İşak’ın çalışması modern anlamda bir özyaşam öyküsü değil, daha çok kendisi tarafından toparlanmış, tarihsel dönemlere göre dizilmiş anekdot ve hadislerin bir derlemesidir. Yazıları hakkında neleri hatırlamamız gerekir? Üç şeyi hatırlayalım. Birincisi, derlemesinin peygamberin ölümünden sonra bir yüzyıl içinde tamamlandığını unutmayalım. İkincisi, kitabının gerçeğe bağlılığı ortada. Sonuncusu, o dönemde hâkim olan inanılmaz şiddetin derecesini kanıtlıyor.
“Komşunuz Müslüman’sa, İyi Bir Komşunuz Var Demektir!”
Sizin şiddet eğilimli biri olduğunuzu düşünüyor muyum? Büyük olasılıkla değilsiniz. Eşim ve benim her gün karşı karşıya geldiğimiz Müslümanların çoğunluğu nazik ve iyi yürekli insanlardır. Yurtdışında olduğumuzda Müslümanlar hakkında konuşma fırsatına sahip olduğumuz zamanlarda hep şunu söyleriz, ‘Komşunuz Müslüman’sa, iyi bir komşunuz var demektir.’ Tanrı bize Orta Doğu’da yaşayan insanlar için özel bir sevgi verdi ve bunun gibi, Tanrı’nın size olan sevgisini anlatan bir web sitesine ulaşabildiğiniz için seviniyoruz.
Ne var ki, Müslüman arkadaşlarım ‘cihad’ ve İslam’da insanları öldürmenin ancak imanlarının saldırı altında olduğu durumlarda haklı sayıldığını söylediklerinde gülümsüyorum. İslam’ın barış dini olduğunu ve şiddete ancak kendini savunma amacıyla izin verildiğini söylüyorlar. Daha önce de söylediğim gibi, tanıdığım çoğu Müslüman’ın şiddet yanlısı insanlar olmadığını söyleyebilirim. Müslümanlar arasında en iyi tanıdığım halk olan Türkler için bunu kesinlikle söyleyebilirim. Genel olarak Türk halkı şiddet yanlısı değildir! Fakat onlar şiddet yanlısı değil diye, Kuran’da şiddetin buyrulmadığını söyleyemeyiz.

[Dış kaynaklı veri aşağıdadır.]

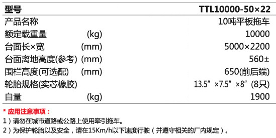 平板拖车产品描述:10000Kg 平板拖车,台面5000X2200mm,台面离地高度±560mm,采用18"X8"X14"实芯轮胎8个,前悬转盘转向系统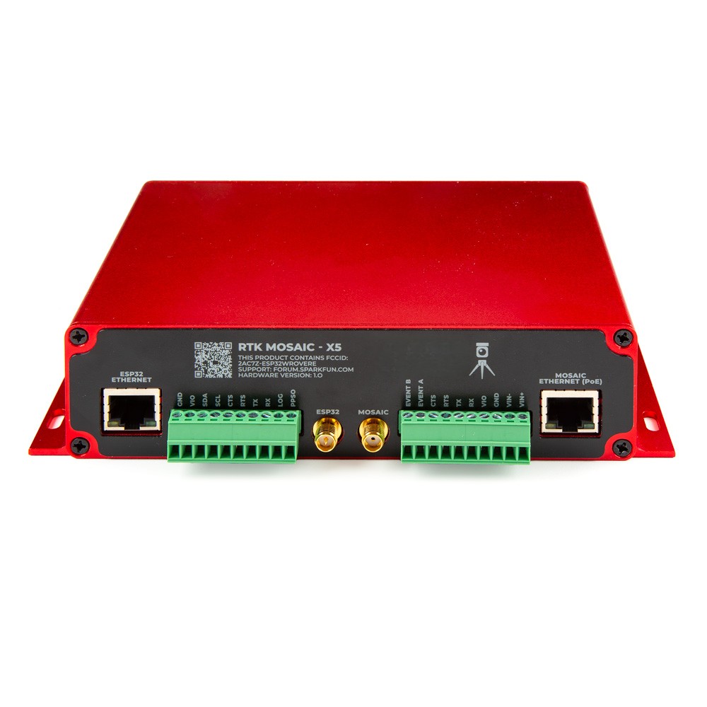 • The RTK Mosaic-X5 has multiple power options. Any or all of these can power it: mosaic X5 USB-C connection, ESP32 USB-C connection, Ethernet power supply (36V to 57V), or external DC power supply between 9V and 36V.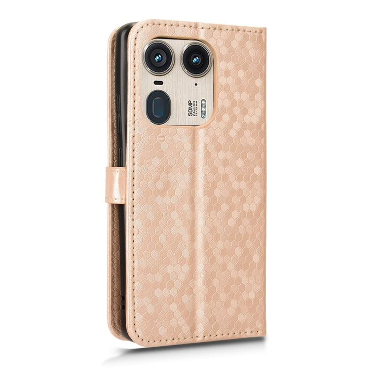 For Motorola Edge 50 Ultra Honeycomb Dot Texture Leather Phone Case(Gold)
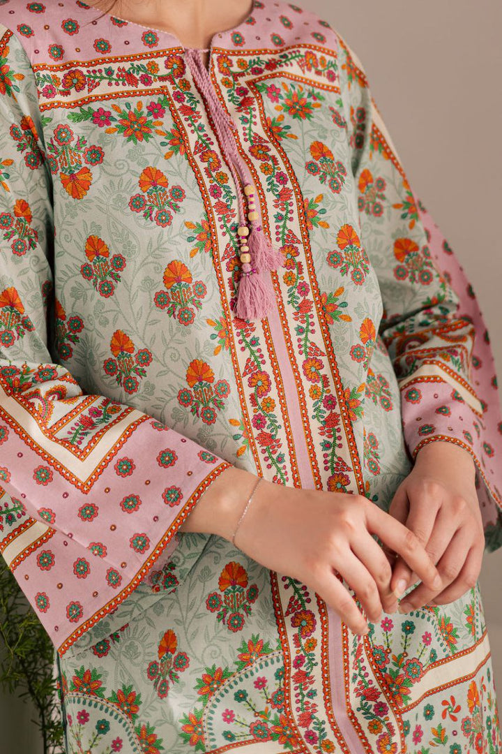Radiate charm in this Luxe Floral Co-Ord Set, featuring a refreshing mint green base adorned with vibrant floral prints 🌸 and delicate rose-pink accents. The kurta’s tassel tie-up neckline and printed borders bring a touch of traditional artistry, while the wide-leg trousers add effortless grace. Perfect for brunches ☀️, festive gatherings 🎉, or casual chic evenings 🌙, this co-ord is your go-to for style and comfort in one.
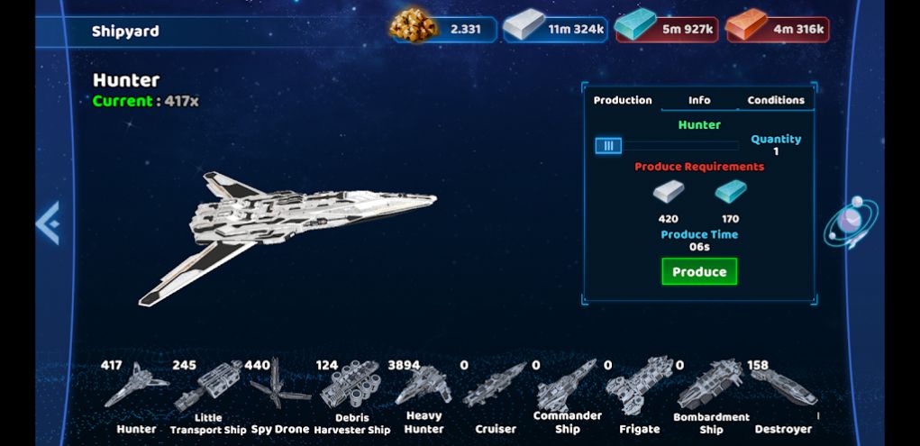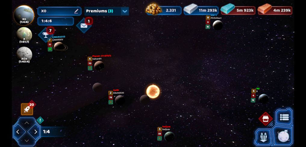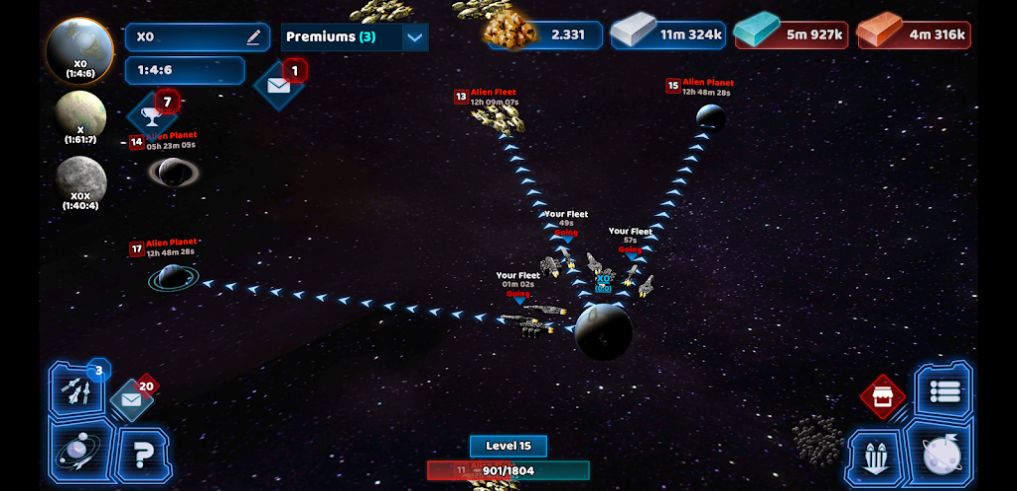 2、发展武器飞船,收集寻找探索更多奇幻的星球,去研究资源高科技矿石。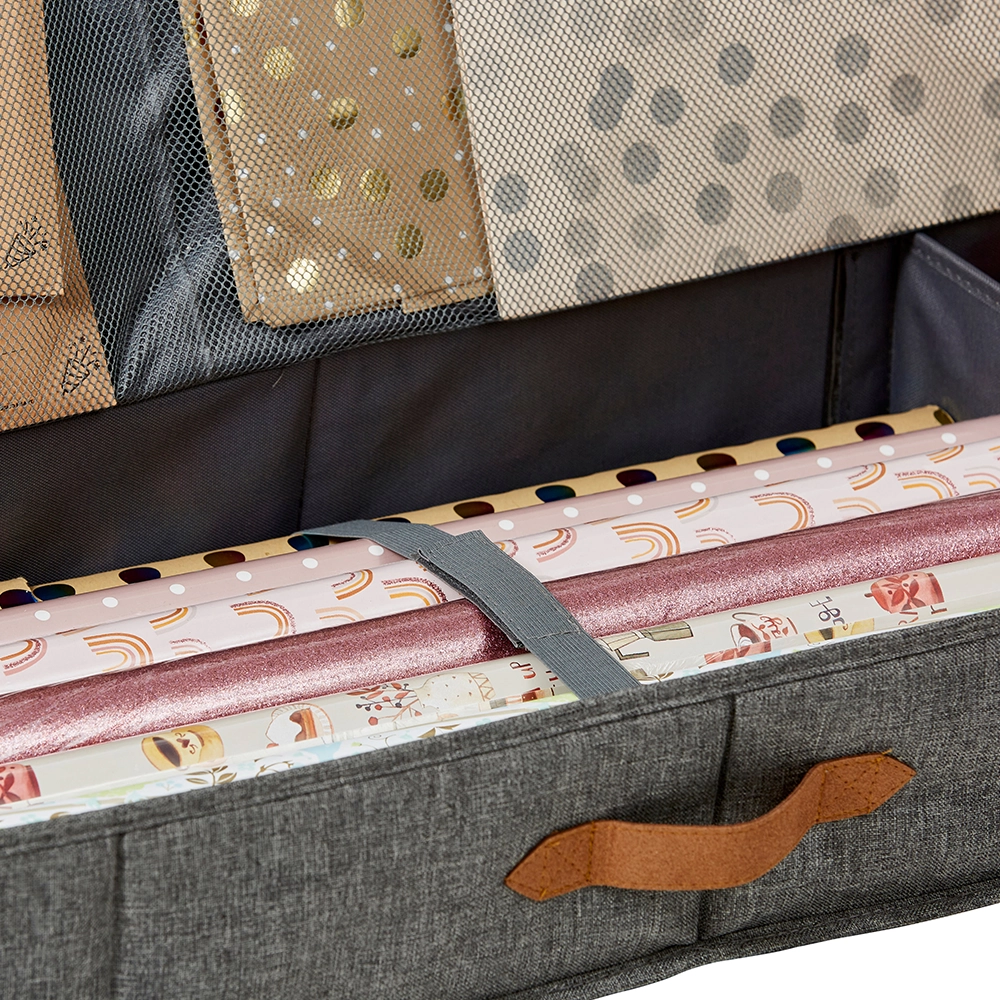 Deze cadeaupapier tas is bekleed met een duurzame katoen-linnen stof die niet alleen stevig is maar ook een elegante uitstraling heeft. De handvatten en het logo zijn gemaakt van textielleer, wat zorgt voor een luxe touch. De verstevigde bodem en wanden, gemaakt van karton, zorgen voor extra stabiliteit en voorkomen dat de tas vervormt, zelfs wanneer deze volledig gevuld is. De cadeaupapier tas kan zowel staand, hangend als liggend worden gebruikt. Het grote vak biedt flexibele opbergruimte voor rollen, terwijl de extra vakken ideaal zijn voor kleinere items zoals cadeaulinten en plakband. Dankzij de drie stevige handvatten is de tas gemakkelijk te dragen en op te hangen, waardoor je ruimte kunt besparen en alles netjes kunt organiseren.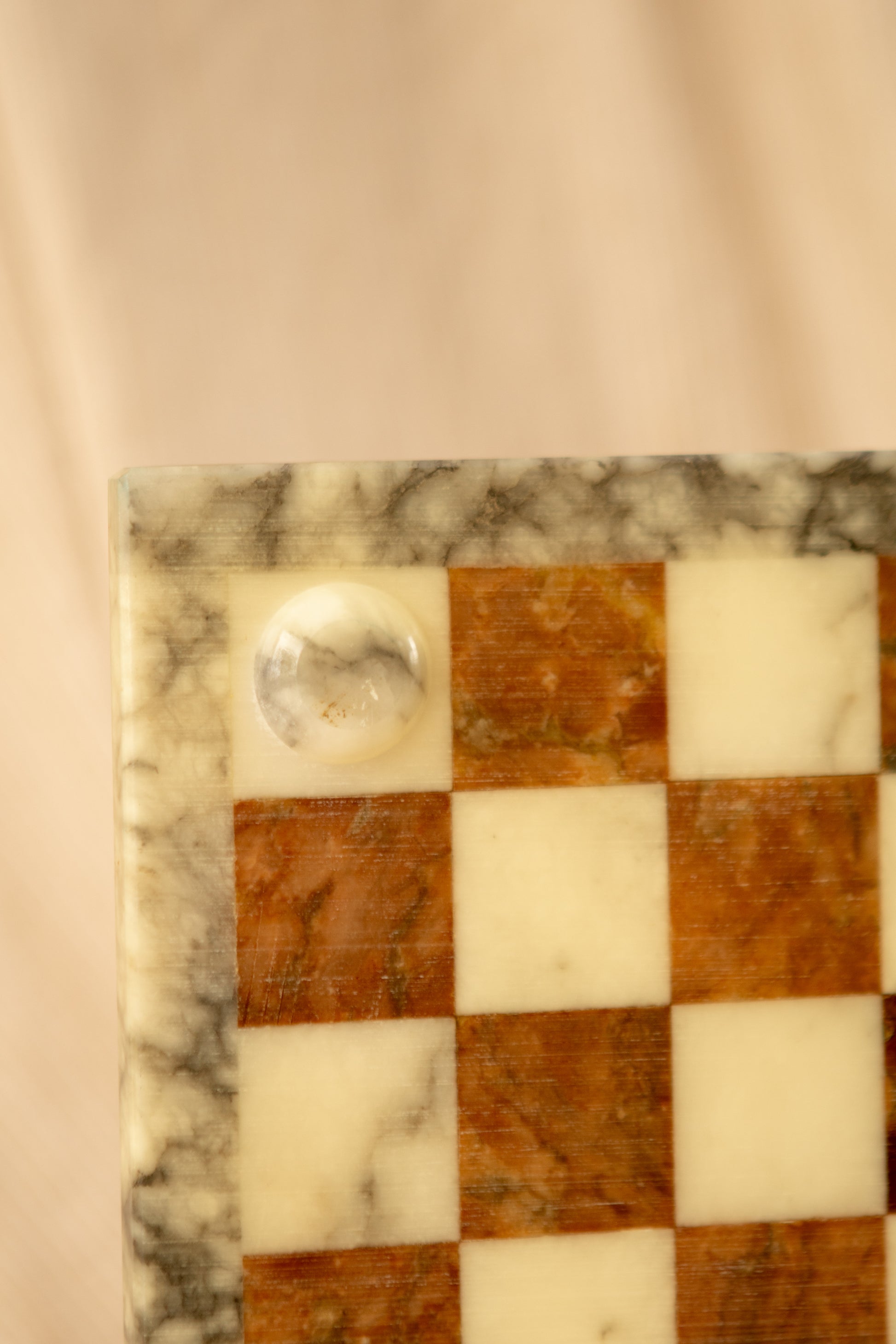 This elegant alabaster chess set pairs creamy ivory-toned pieces against rich brown counterparts, all resting on a beautifully veined alabaster board. Each square carries natural variation in tone and texture, highlighting the artistry of the stone. Resting on alabaster feet, the set is both substantial and decorative—perfect for display on a coffee table, library shelf, or game corner.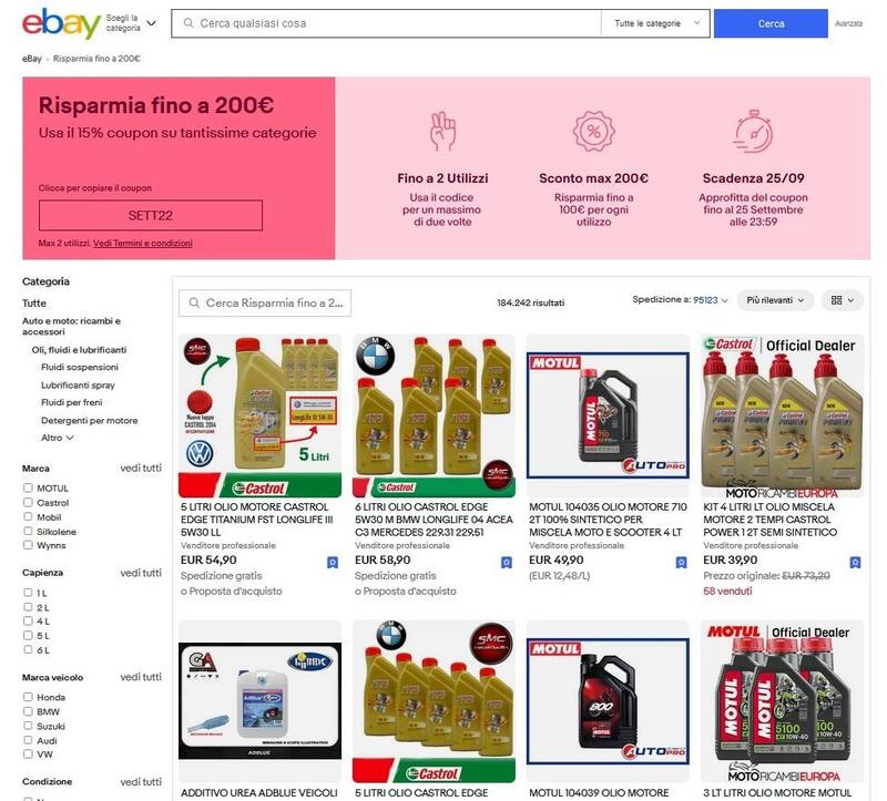 Indispensabile poi, specie se avete appena acquistato il vostro sidecar usato, provvedere a un tagliando motore completo: su eBay non è difficile trovare tutto quanto occorre a partire dall'olio motore. Se volete saperne di più sulla lubrificazione potete andare a vedere la nostra guida sull'olio motore ma forse questa volta l'occasione per utilizzare eBay è ancora più apprezzabile perché è in corso una campagna promozionale che tra l'altro comprende sia i lubrificanti che, tanto per fare un altro esempio di qualcosa che potrà esservi utile a tagliando concluso, i detergenti che vi aiuteranno a far tornare brillante la carrozzeria del vostro side o a pulire la catena in modo impeccabile o, ancora, l'abbigliamento tecnico per convincere la vostra metà a condividere con voi il gusto di sedersi sul carrozzino: dal 5 al 25 settembre è infatti valida una promozione grazie a un coupon che vi permette di risparmiare fino a 200 euro sui vostri ordini riguardanti tante categorie a tema motoristico – sidecar inclusi, quindi - (ma non soltanto, vedete i dettagli nella pagina dedicata); attraverso la promozione riceverete infatti uno sconto del 15% fino a un massimo di 100 euro per singolo coupon, su una spesa singola del valore minimo di 15 euro; lo sconto massimo totale per ciascun utente è di 200 euro, con non più di due utilizzi del coupon per singolo utente.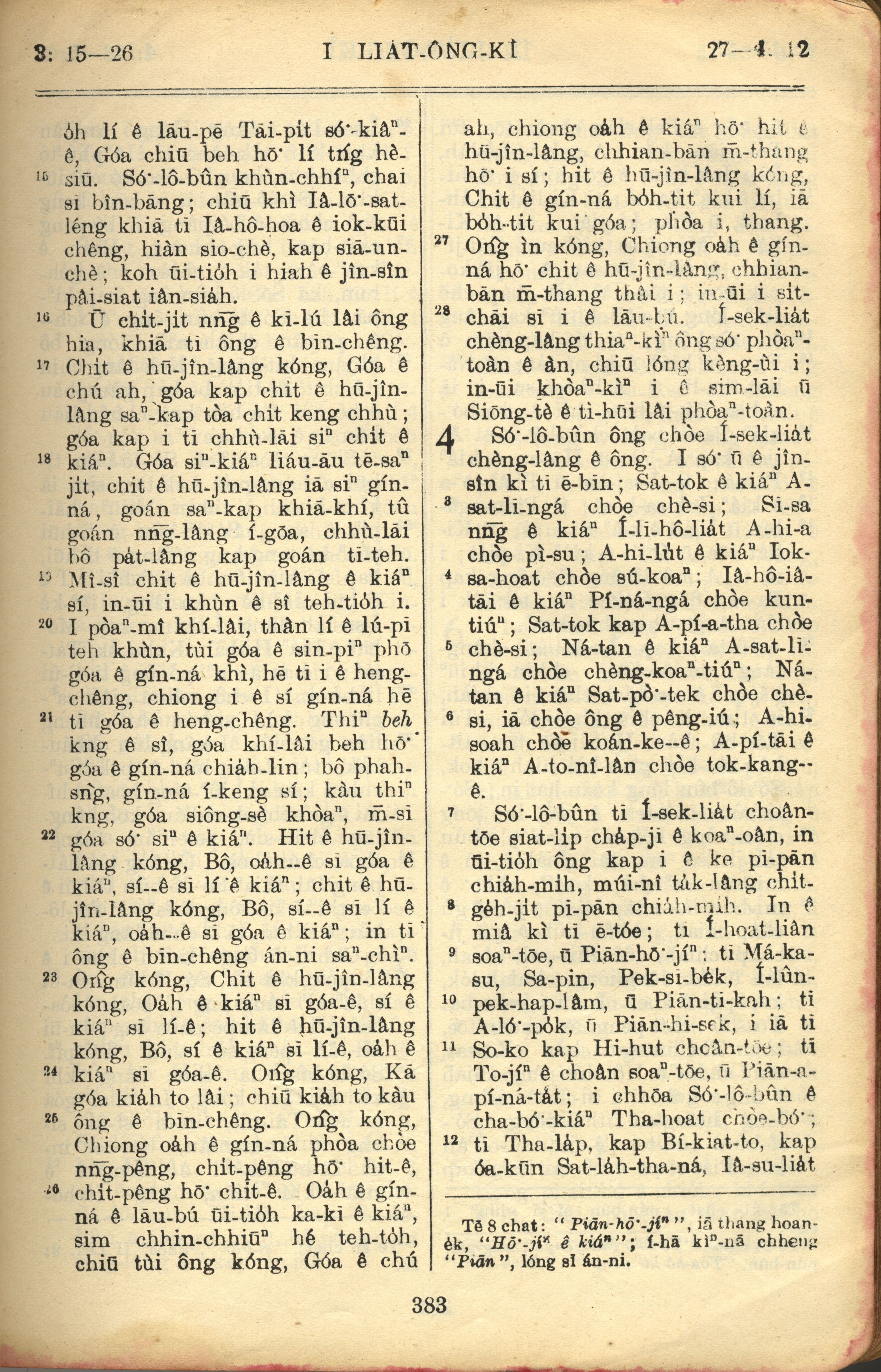 1957年巴克禮全羅台語聖經串珠版 列王紀上 3 章 15 節到 4 章 12 節

Benim gibi siz de Kuran’ı okuduysanız bu kutsal kitabında imanlı olmayanlara karşı şiddeti hoş gören pek çok ayet olduğunu bilirsiniz. Muhammed’in bütün Arabistan’ı 10 yılda ve onu izleyenlerin İspanya’dan Hindistan’a kadar olan toprakları 100 yılda, kanlı işgallerle ele geçirmesini ‘sadece kendini savunma amacıyla’ olduğunu mu düşünmeliyiz? Bunlar kanlı işgalden başka bir şey değildi, bu kadar basit.
Beni Yanlış Anlamayın! Ne siz ne de ben yüzyıllar önce olanları değiştirebiliriz. Bizim hatamız değildi. Ama geriye dönüp tarihe baktığımız zaman tarih konusunda dürüst olmamız gerekir, öyle değil mi?
Bu konuda düşünürken Tanrı’nın Eski Antlaşma’da Kenan’daki kentlerin yıkımıyla ilgili buyruğunun belirli bir halka, belirli bir zamanda ve yerde belli bir amaca yönelik olduğunu unutmayın. Bu dönemden sonra, başka hiçbir yerde Tanrı’nın İsrail ulusuna gidip başka putperest halkları yok etmeleri buyruğu verdiğini görmüyoruz, ne kendilerini savunmak ne de göklerinde yerin gerçek Tanrısı’na imanı yaymak için.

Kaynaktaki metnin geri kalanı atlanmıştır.